* _What to work on_
Retype nothing except the lines below from the one with "136英雄-156皮肤 【神话皮肤】:夜星流火 金克丝,芳醇蜜韵" through the one with "Denton, MP 95.6, is", exactly, with images left out.
== Listed records ==
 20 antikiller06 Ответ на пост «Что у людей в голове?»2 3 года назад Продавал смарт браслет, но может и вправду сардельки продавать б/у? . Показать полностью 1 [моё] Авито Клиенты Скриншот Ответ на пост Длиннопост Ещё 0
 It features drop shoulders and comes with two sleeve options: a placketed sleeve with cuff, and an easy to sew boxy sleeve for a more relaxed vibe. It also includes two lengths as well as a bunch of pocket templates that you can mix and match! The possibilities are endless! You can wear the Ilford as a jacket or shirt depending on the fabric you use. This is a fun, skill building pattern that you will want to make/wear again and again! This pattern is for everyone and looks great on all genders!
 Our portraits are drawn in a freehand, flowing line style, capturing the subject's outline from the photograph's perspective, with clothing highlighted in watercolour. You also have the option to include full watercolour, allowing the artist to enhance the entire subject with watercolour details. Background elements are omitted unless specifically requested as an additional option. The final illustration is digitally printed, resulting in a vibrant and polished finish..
===
== Listed records ==
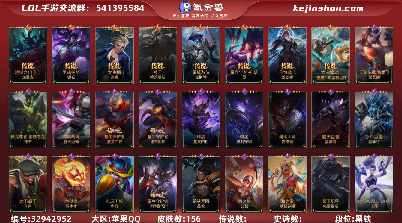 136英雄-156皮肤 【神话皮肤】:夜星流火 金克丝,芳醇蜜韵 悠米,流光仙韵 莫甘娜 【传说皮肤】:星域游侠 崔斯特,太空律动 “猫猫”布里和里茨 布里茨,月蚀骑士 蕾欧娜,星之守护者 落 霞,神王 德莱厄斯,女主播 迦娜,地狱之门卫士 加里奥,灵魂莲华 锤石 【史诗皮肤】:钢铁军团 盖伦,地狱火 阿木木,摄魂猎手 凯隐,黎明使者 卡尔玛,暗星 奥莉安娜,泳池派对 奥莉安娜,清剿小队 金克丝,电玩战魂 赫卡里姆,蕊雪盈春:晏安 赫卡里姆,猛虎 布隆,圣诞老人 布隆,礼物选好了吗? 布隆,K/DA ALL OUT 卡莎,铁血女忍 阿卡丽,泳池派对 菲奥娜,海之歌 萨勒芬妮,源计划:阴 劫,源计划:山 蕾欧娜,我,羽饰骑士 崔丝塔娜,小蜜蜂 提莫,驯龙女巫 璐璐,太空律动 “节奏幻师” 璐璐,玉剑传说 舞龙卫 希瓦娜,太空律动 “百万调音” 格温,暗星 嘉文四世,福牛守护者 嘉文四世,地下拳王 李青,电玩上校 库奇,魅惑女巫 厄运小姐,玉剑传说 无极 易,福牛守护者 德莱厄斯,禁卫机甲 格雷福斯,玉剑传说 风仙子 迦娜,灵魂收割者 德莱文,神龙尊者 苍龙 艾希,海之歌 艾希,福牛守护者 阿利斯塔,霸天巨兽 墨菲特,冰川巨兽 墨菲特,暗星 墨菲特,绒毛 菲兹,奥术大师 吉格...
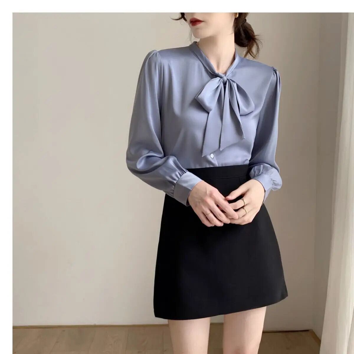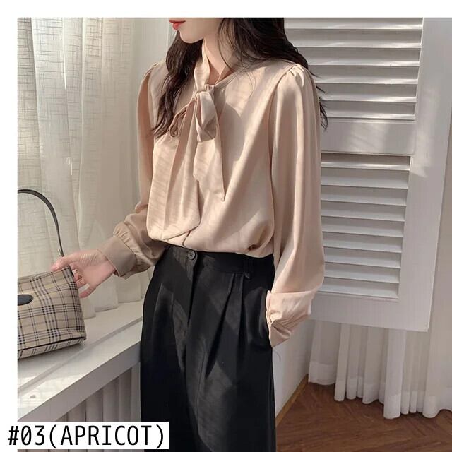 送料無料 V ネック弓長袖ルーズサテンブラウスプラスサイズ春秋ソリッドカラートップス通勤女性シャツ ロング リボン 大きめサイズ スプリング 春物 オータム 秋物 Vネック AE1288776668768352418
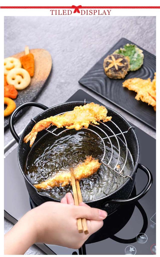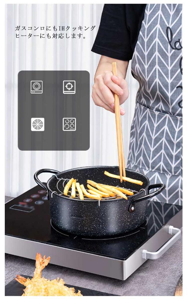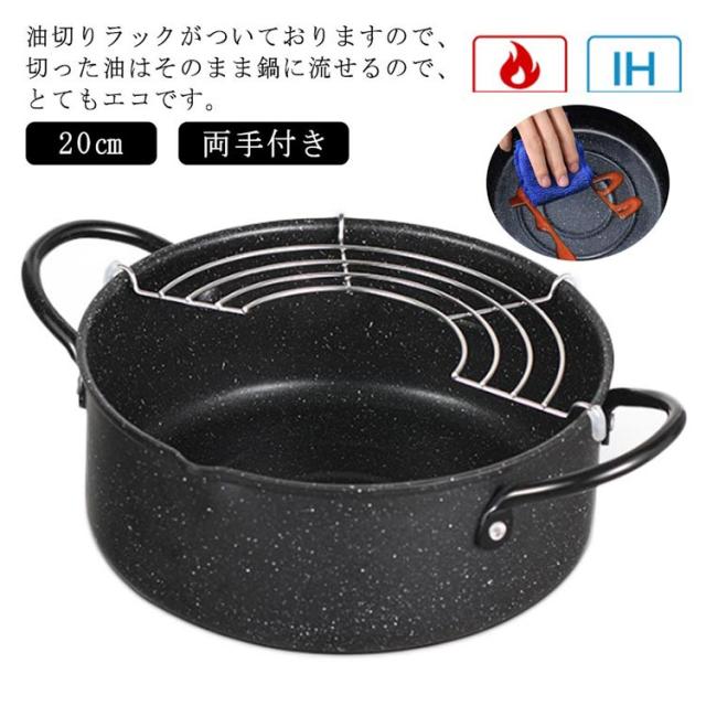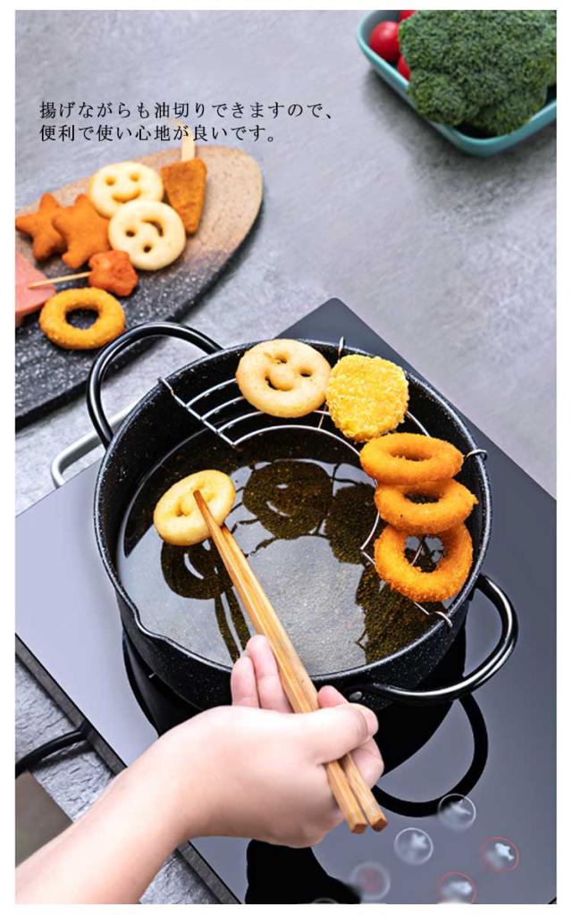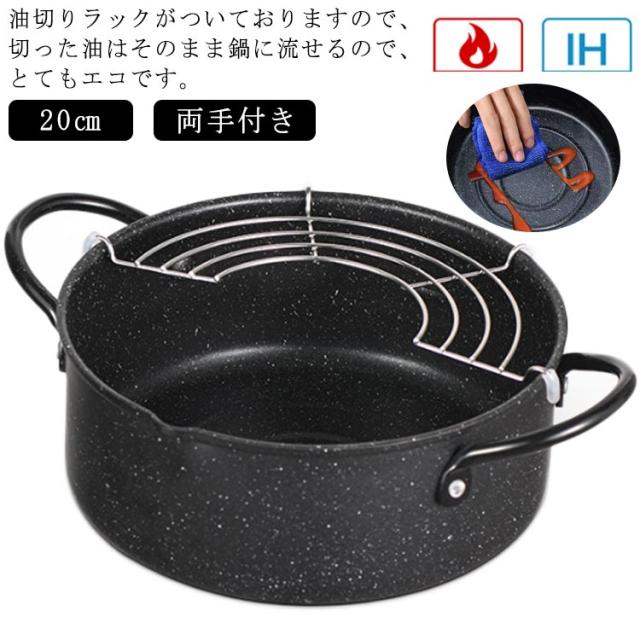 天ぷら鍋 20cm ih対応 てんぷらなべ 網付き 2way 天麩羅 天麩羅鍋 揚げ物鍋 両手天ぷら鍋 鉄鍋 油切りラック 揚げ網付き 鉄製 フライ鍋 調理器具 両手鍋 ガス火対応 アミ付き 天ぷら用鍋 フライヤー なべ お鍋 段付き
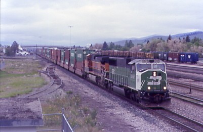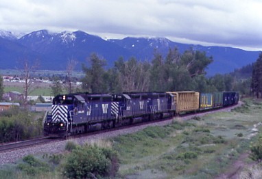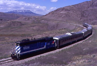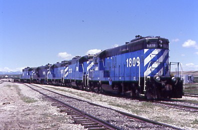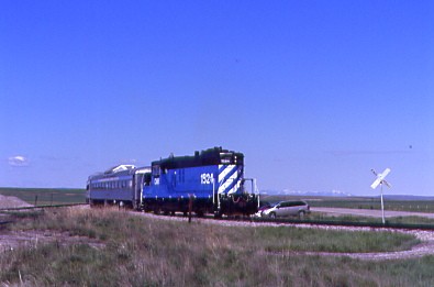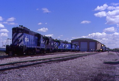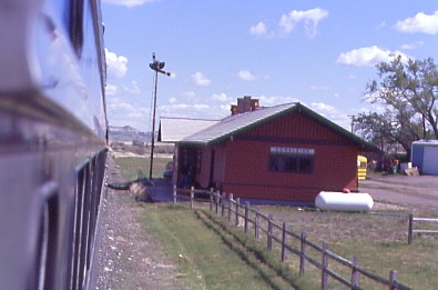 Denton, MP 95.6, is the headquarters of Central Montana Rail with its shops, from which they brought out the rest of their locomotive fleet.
===
* _Task response_
 136英雄-156皮肤 【神话皮肤】:夜星流火 金克丝,芳醇蜜韵 悠米,流光仙韵 莫甘娜 【传说皮肤】:星域游侠 崔斯特,太空律动 “猫猫”布里和里茨 布里茨,月蚀骑士 蕾欧娜,星之守护者 落 霞,神王 德莱厄斯,女主播 迦娜,地狱之门卫士 加里奥,灵魂莲华 锤石 【史诗皮肤】:钢铁军团 盖伦,地狱火 阿木木,摄魂猎手 凯隐,黎明使者 卡尔玛,暗星 奥莉安娜,泳池派对 奥莉安娜,清剿小队 金克丝,电玩战魂 赫卡里姆,蕊雪盈春:晏安 赫卡里姆,猛虎 布隆,圣诞老人 布隆,礼物选好了吗? 布隆,K/DA ALL OUT 卡莎,铁血女忍 阿卡丽,泳池派对 菲奥娜,海之歌 萨勒芬妮,源计划:阴 劫,源计划:山 蕾欧娜,我,羽饰骑士 崔丝塔娜,小蜜蜂 提莫,驯龙女巫 璐璐,太空律动 “节奏幻师” 璐璐,玉剑传说 舞龙卫 希瓦娜,太空律动 “百万调音” 格温,暗星 嘉文四世,福牛守护者 嘉文四世,地下拳王 李青,电玩上校 库奇,魅惑女巫 厄运小姐,玉剑传说 无极 易,福牛守护者 德莱厄斯,禁卫机甲 格雷福斯,玉剑传说 风仙子 迦娜,灵魂收割者 德莱文,神龙尊者 苍龙 艾希,海之歌 艾希,福牛守护者 阿利斯塔,霸天巨兽 墨菲特,冰川巨兽 墨菲特,暗星 墨菲特,绒毛 菲兹,奥术大师 吉格...
 送料無料 V ネック弓長袖ルーズサテンブラウスプラスサイズ春秋ソリッドカラートップス通勤女性シャツ ロング リボン 大きめサイズ スプリング 春物 オータム 秋物 Vネック AE1288776668768352418
 天ぷら鍋 20cm ih対応 てんぷらなべ 網付き 2way 天麩羅 天麩羅鍋 揚げ物鍋 両手天ぷら鍋 鉄鍋 油切りラック 揚げ網付き 鉄製 フライ鍋 調理器具 両手鍋 ガス火対応 アミ付き 天ぷら用鍋 フライヤー なべ お鍋 段付き
 Denton, MP 95.6, is the headquarters of Central Montana Rail with its shops, from which they brought out the rest of their locomotive fleet.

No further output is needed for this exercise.